アーバンは禁句? タブーが置き換えられたシティの魅力
シティポップを形容するときに度々用いられる“都会的”というワード。英語にすれば“アーバン”とも置き換えられるが、この“アーバン”は、現在アメリカの音楽市場で用いるのはタブーとされている。1970年代中期〜0年代にニューヨークのラジオDJ、フランキー・クロッカーにより、ブラコンに代表されるような文字通りの“都会的”な音楽を指す謳い文句として使われ始めたが、時代を経て“黒人音楽”そのものを指す意味合いとして変化。黒人が作った音楽が否応なく“アーバン”に分類され、非黒人によるサウンドは“アーバンでない”と認識されるなど、人種差別を誘発する時代遅れの言葉になってしまった(こと音楽ジャンルを表す言葉としては)。
日本人からする“アーバン”に上記のネガティブなイメージは少なく、かつてフランキーが描いたときめく感覚が残されているはず。
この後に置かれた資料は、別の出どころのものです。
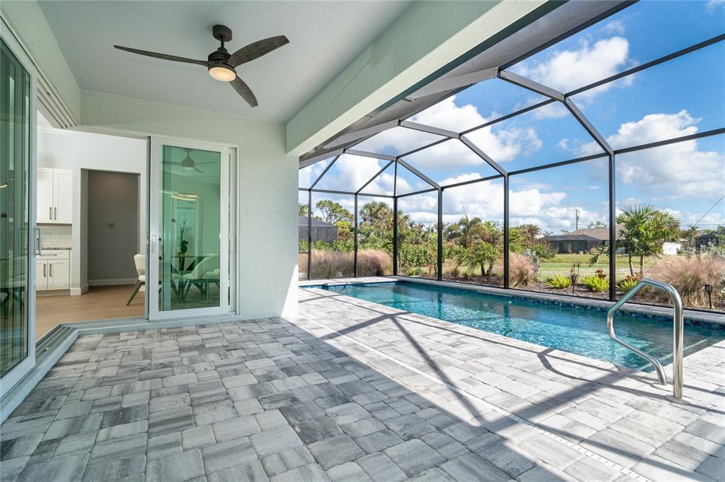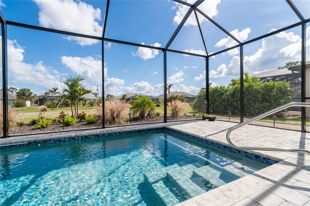 Better than new! why wait to build when you can move right into this stunning, 2-year-old custom-built contemporary pool home in the highly sought-after golfing community of rotonda west on prestigious rotonda blvd north? this home, located on an oversized 80’ x 200’ (.37 acre) homesite in the preferred x flood zone, boasts a thoughtfully designed open-concept floor plan with multiple builder and owner upgrades throughout. from the moment you step through the barrier-free glass double doorway into the soaring vestibule, you’ll be captivated by the bright and open split floor plan, which separates the primary suite from bedrooms 2 and 3, ensuring privacy on opposite sides of the main living area. the home’s contemporary design features elegant details like soaring ceilings with double crown molding, custom high-efficiency lighting and fans, a coffered ceiling with extra lighting, 8’ doors, pocket doors, 90-degree sliders, 5 ¼” base trim, and sleek wood plank porcelain tile flooring throughout. the chef’s kitchen is equipped with high-end g.e. profile stainless steel appliances, self-closing cabinetry with in-cabinet shelf genie slide-out shelves, and a spacious island (50” d x 9’9.5” l) with seating and storage on both sides. beautiful level 3 quartzite countertops and a custom tile backsplash elevate the space, making it a true culinary haven. the primary suite bathroom offers a luxurious experience with an oversized “car wash” shower featuring matching benches, porcelain tile, decorative tile accents, and a sealed stone floor, as well as a separate soaking tub. double-pane insulated impact glass windows and doors provide effortless hurricane protection throughout. additional highlights include a spacious 3-car garage with custom epoxy and polyaspartic floor coating, a new roof (installed feb 2023) with an upgraded water-resistant barrier, and a beautifully designed custom pool. the 11’x25’ heated saltwater pool includes durable pebble tec coating, decorative and reflective tile, an arched waterfall, a 1.8 variable speed pump, and a large 18’x37’ pool cage with adjoining paver patio and walkway. outdoor features such as the custom curbing, stonework, custom landscaping, and lighting further enhance the property’s curb appeal. pride of ownership is evident in every corner of this home. schedule your private showing today and experience the charm and quality of this exceptional property!180 ROTONDA N, ROTONDA WEST, FL 33947
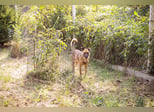 Im Gehege lebt Miro mit einem Rüden und einer Hündin zusammen und das klappt ausgezeichnet. Er ist auch ein guter Kletterer.
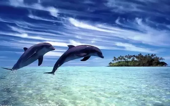 落日海豚之旅是马尔代夫除了潜水之外的特色项目。夕阳相伴,乘坐多尼船出海,成群结队的粉红色海豚为你导航,可以最近距离欣赏到它们娇俏可人的姿态。随 着第一条海豚飞快地跃出海面,仿佛攀比一样,大大小小的海豚会纷纷跃出水面,画出一条条优美的曲线,引来一阵阵惊叫。在马尔代夫,你可以纯粹地感受到人与 动物的贴近,感受大自然赐予的快乐!
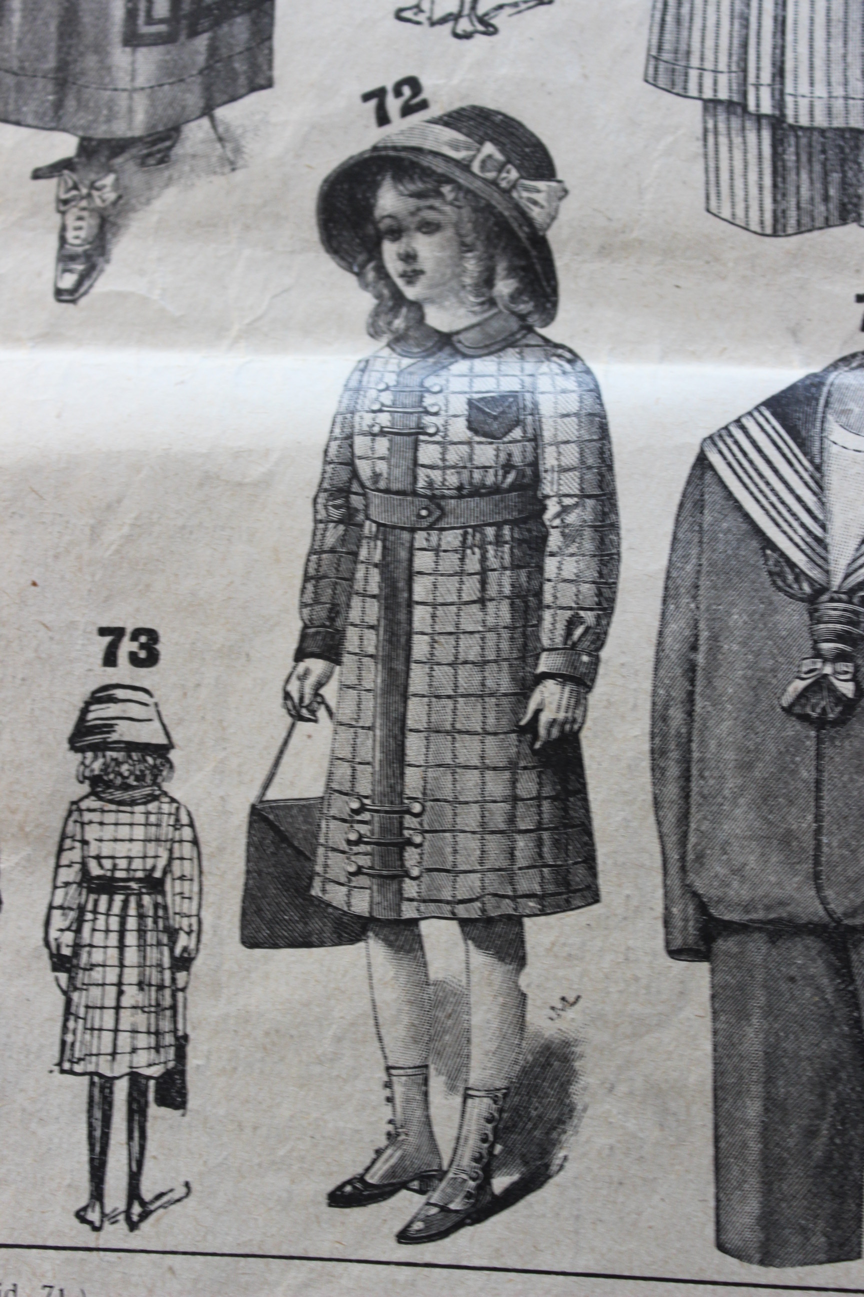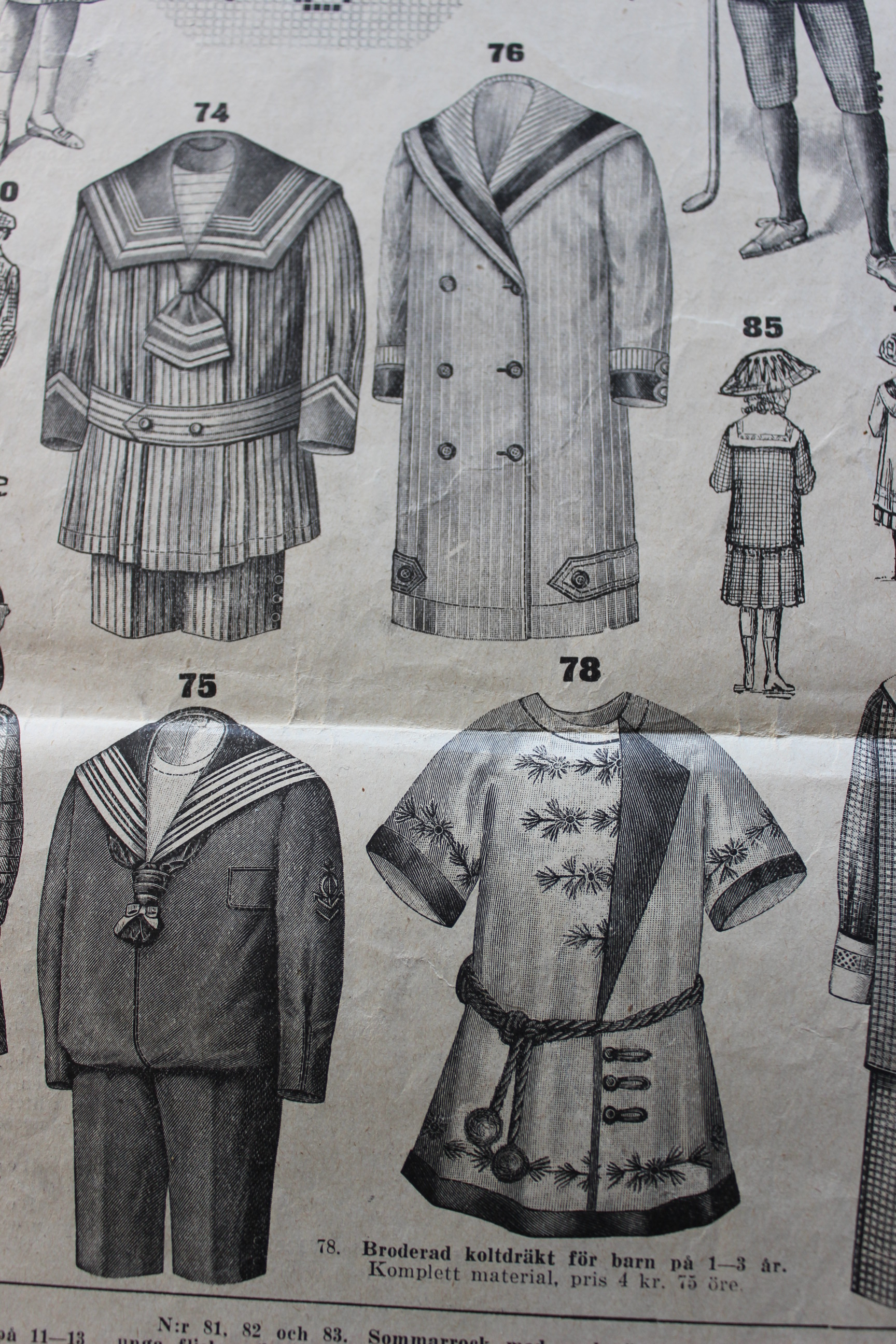 Notions: Thread, Buttonhole-thread, bias-tape, cotton cord, 10 cm plastic boning, 13 buttons, 7 snaps.

そして我々が“アーバン”に感じる言葉の魅力は、アメリカ人からすると“シティ”に気兼ねなく置き換えられるのかもしれない。仮にシティポップが“ジャパニーズ・アーバン・ソウル”という名前で呼ばれていたら、英語圏でここまで大々的な発展はあっただろうか。当のアーティストたちがシティポップという名称を気に入っているかどうかはさて置いても、ネーミングの役割は大きい。
海外のリスナーから“キング・オブ・シティポップ”と崇められる山下達郎による1980年のアルバム『COME ALONG』は、小林克也がナレーションを務めるDJミックスシリーズとして有名な作品だが(元々はレコードショップの販売促進用CD)、架空のラジオ局というコンセプトでは『Dawn FM』にも通ずる部分がある。同年にリリースされ、山下達郎が本格的なブレイクを果たしていくきっかけともなった「RIDE ON TIME」は、maxellのカセットテープCMにもタイアップ起用され話題に。CMのキャッチコピーは「いい音しか残れない。」だった。約40年の時を経た今、シティポップはその文言を音楽の力のみで世界に証明してみせている。